** TASK INSTRUCTIONS **
Beginning at the top of the entries below, retype each line exactly until the line containing "朝は全校児童が校庭に集まって" has been written out; include no pictures and no later lines.

(Data extracted from a collection)
________________________________________

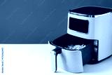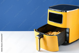Air fryer with cooked fries on white table against blue background, closeup. Space for text
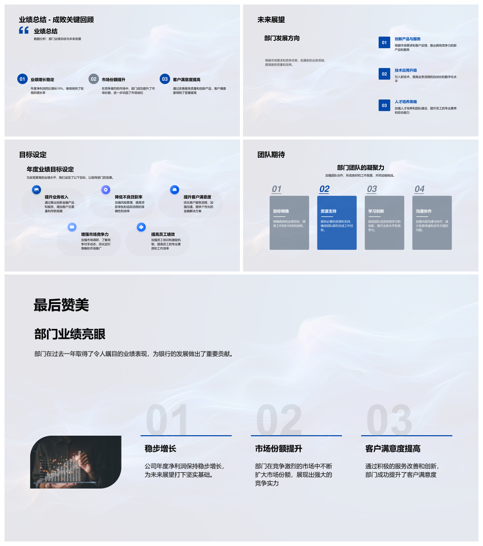 这是一张2025银行业务年终经营成效与未来策略解析PPT模板,包含2025、银行、业务、年终、经营、成效、未来、策略、解析等主题内容,也可用作2025银行业务年终经营成效、2025银行业务经营成效、银行业务年终经营成效、年终经营成效未来策略、经营成效未来策略解析、2025银行业务未来策略、银行业务未来策略解析、2025银行业务、银行业务年终、银行业务经营成效、年终经营成效、经营成效未来策略、未来策略解析、银行业务未来策略、银行业务解析等PPT场景使用。 风云办公提供的2025银行业务年终经营成效与未来策略解析PPT模板,下载格式为pptx,一共33页,作品中文字及图均可以修改和编辑,图片更改请在作品中右键图片并更换,文字修改请直接点击文字进行修改。
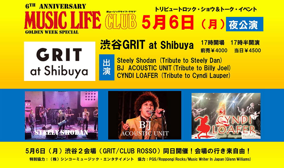 MUSIC LIFE CLUBは6周年を祝うトリビュート・ライヴ・イベント、ゴールデン・ウィーク・スペシャルの最終日の5月6日(月・祝)は、渋谷のライヴハウスCLUB ROSSO(昼公演)とGRIT at Shibuya(夜公演)の 2会場で開催いたします。
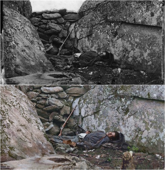 Усыпанный валунами холм под названием «Логово дьявола» (Devil's Den) использовался артиллерией и пехотой во время Гражданской войны в Америке.
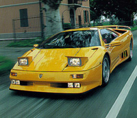 一如其他微量生產的跑車廠,藍寶基尼也始終為財務煩惱,一九七一年首度面對周轉不靈,費魯科意歐只得將所有權給讓了。一九七八年再次發生財務危機,轉由米勒曼(P. Mimran)先生經營。一九八七年底,這頭渾身是勁的蠻牛,投入克萊斯勒的旗下,不多久,即從克萊斯勒的全新超級跑車「蝮蛇」Viper身上,嗅出絲絲「牛味」。 一九九三年十一月初,克萊斯勒「突然」與印尼的大財團SETCDO所屬,在百慕達登記註冊的控股公司Mega Tech簽定合約,以四千一百萬美金,將藍寶基尼的製造廠與技術部門轉讓給對方;當年艾科卡因慕名而買下藍寶基尼,而今克萊斯勒緊接著艾科卡退休之後,就賣掉了這頭蠻牛,所為何來?實在費思量。 雖然藍寶基尼的前途迷離,但是車迷們且莫氣餒,為慶祝建廠三十周年而設計的Diablo 30 SE (30 Special Edition)已於今年二月正式上線生產,而其敞蓬車型也將上線。預計今年六月,約有一百五十部30SE,會從藍寶基尼的聖雅卡塔(Sant'Agata)廠完裝現身,更拉風的敞篷車則於夏天推出二百至二百五十部。 Diablo 30 SE只有GT款式,四十八氣門、四凸輪軸的V型十二缸引擎,排氣量仍是五千七百西西,但是將氣門正時,供油系統與點火系統修改,又將曲軸「減肥」七公斤後,馬力由四百九十二匹,提升為五百二十五匹,由靜止到時速一百公里僅需四秒,極速則達三百五十二點四公里,其他的跑車大約只有驚呼「哇!」的分了。
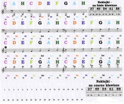 - Uniwersalne naklejki do klawiszy 37, 49, 54, 61, 88 o standardowej wielkości C-D-E-F-G-A-H-C
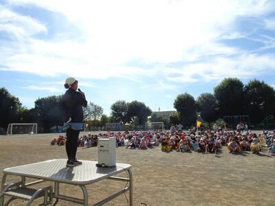 朝は全校児童が校庭に集まって出発の会です。児童会の皆さんから目標や約束がしっかり伝えられました。
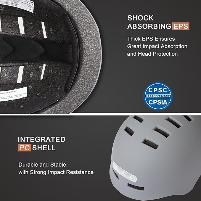 - 【Safty Protection】:GTSBROS bike helmet with lights has passed CE and CPSC certification. The one-piece structure combines EPS foam and high-density PC shells to ensure better shock absorption and provide safer protection. The bike helmet adult is protective and ideal for urban commuting, cycling,scooter riding, skateboarding; also suitable for city, road, electric, trek bike and etc
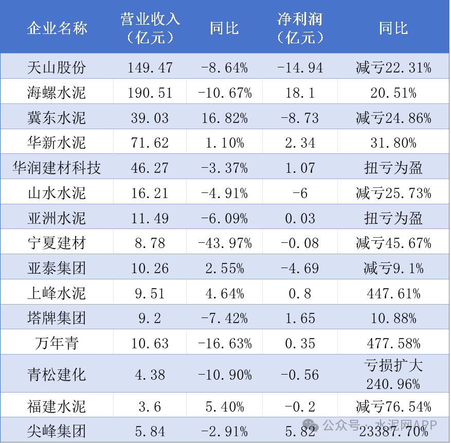 近日,水泥上市公司陸續(xù)披露2025年一季度業(yè)績(jī),除青松建化,其余水泥企業(yè)凈利潤(rùn)均出現(xiàn)增長(zhǎng),詳情見下表:
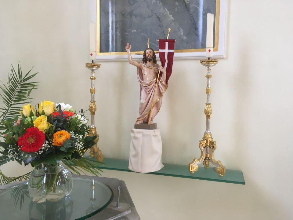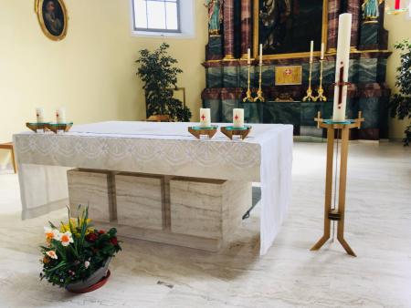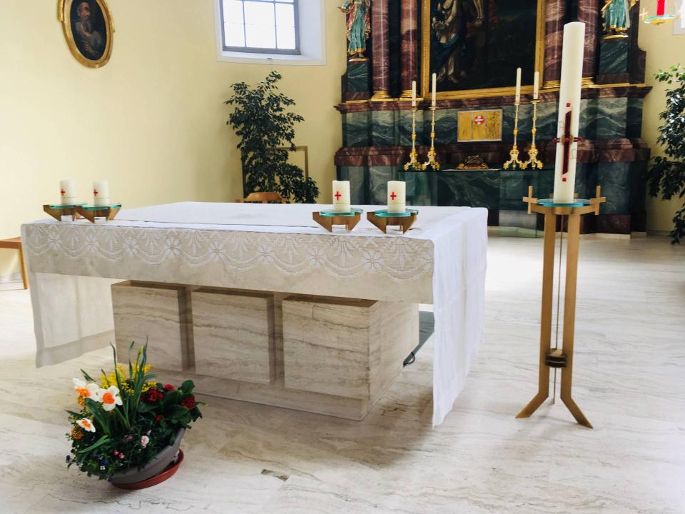 Die Mesmerinnen Lucia Pizzillo (Diessenhofen), Barbara Binzegger (Paradies), Anita Ackermann (Basadingen) und der Mesmer Michael Truniger (Ramsen) feierten zusammen mit Priester Johannes Mathew die Osternachtliturgie in der Kirche Bruder Klaus, Diessenhofen.
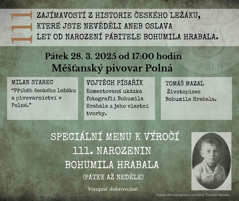 Život Bohumil Hrabala je úzce spjat s našim pivovarem... Cítíme potřebu oslavit 111 let od jeho narození. Připomenout si jeho život díky fotografiím, vzpomínkám... Při této příležitosti ochutnat speciální pokrmy a pivo... Pozvání přijali tři osobnosti, které nám rozhodně budou mít co...
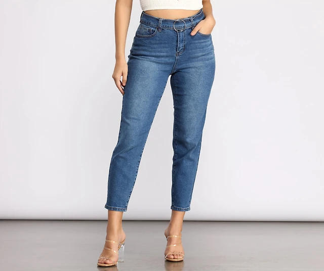 High Waisted Dark Wash FlexX Raw Hem Straight Ankle Jeans
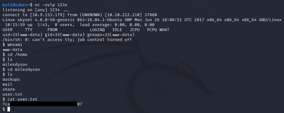 Netcat bağlantısı sağlandıktan sonra user flag’ı bulunmuş oldu.
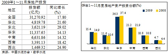 西南地區(qū)的華東、中南地區(qū)占全國房地產(chǎn)投資比重有所下降,分別下降了1.1和0.7個百分點;華北、東北地區(qū)略有上升;西南、西北地區(qū)基本與去年持平。

________________________________________

** OUTPUT BELOW **
Air fryer with cooked fries on white table against blue background, closeup. Space for text
 这是一张2025银行业务年终经营成效与未来策略解析PPT模板,包含2025、银行、业务、年终、经营、成效、未来、策略、解析等主题内容,也可用作2025银行业务年终经营成效、2025银行业务经营成效、银行业务年终经营成效、年终经营成效未来策略、经营成效未来策略解析、2025银行业务未来策略、银行业务未来策略解析、2025银行业务、银行业务年终、银行业务经营成效、年终经营成效、经营成效未来策略、未来策略解析、银行业务未来策略、银行业务解析等PPT场景使用。 风云办公提供的2025银行业务年终经营成效与未来策略解析PPT模板,下载格式为pptx,一共33页,作品中文字及图均可以修改和编辑,图片更改请在作品中右键图片并更换,文字修改请直接点击文字进行修改。
 MUSIC LIFE CLUBは6周年を祝うトリビュート・ライヴ・イベント、ゴールデン・ウィーク・スペシャルの最終日の5月6日(月・祝)は、渋谷のライヴハウスCLUB ROSSO(昼公演)とGRIT at Shibuya(夜公演)の 2会場で開催いたします。
 Усыпанный валунами холм под названием «Логово дьявола» (Devil's Den) использовался артиллерией и пехотой во время Гражданской войны в Америке.
 一如其他微量生產的跑車廠,藍寶基尼也始終為財務煩惱,一九七一年首度面對周轉不靈,費魯科意歐只得將所有權給讓了。一九七八年再次發生財務危機,轉由米勒曼(P. Mimran)先生經營。一九八七年底,這頭渾身是勁的蠻牛,投入克萊斯勒的旗下,不多久,即從克萊斯勒的全新超級跑車「蝮蛇」Viper身上,嗅出絲絲「牛味」。 一九九三年十一月初,克萊斯勒「突然」與印尼的大財團SETCDO所屬,在百慕達登記註冊的控股公司Mega Tech簽定合約,以四千一百萬美金,將藍寶基尼的製造廠與技術部門轉讓給對方;當年艾科卡因慕名而買下藍寶基尼,而今克萊斯勒緊接著艾科卡退休之後,就賣掉了這頭蠻牛,所為何來?實在費思量。 雖然藍寶基尼的前途迷離,但是車迷們且莫氣餒,為慶祝建廠三十周年而設計的Diablo 30 SE (30 Special Edition)已於今年二月正式上線生產,而其敞蓬車型也將上線。預計今年六月,約有一百五十部30SE,會從藍寶基尼的聖雅卡塔(Sant'Agata)廠完裝現身,更拉風的敞篷車則於夏天推出二百至二百五十部。 Diablo 30 SE只有GT款式,四十八氣門、四凸輪軸的V型十二缸引擎,排氣量仍是五千七百西西,但是將氣門正時,供油系統與點火系統修改,又將曲軸「減肥」七公斤後,馬力由四百九十二匹,提升為五百二十五匹,由靜止到時速一百公里僅需四秒,極速則達三百五十二點四公里,其他的跑車大約只有驚呼「哇!」的分了。
 - Uniwersalne naklejki do klawiszy 37, 49, 54, 61, 88 o standardowej wielkości C-D-E-F-G-A-H-C
 朝は全校児童が校庭に集まって出発の会です。児童会の皆さんから目標や約束がしっかり伝えられました。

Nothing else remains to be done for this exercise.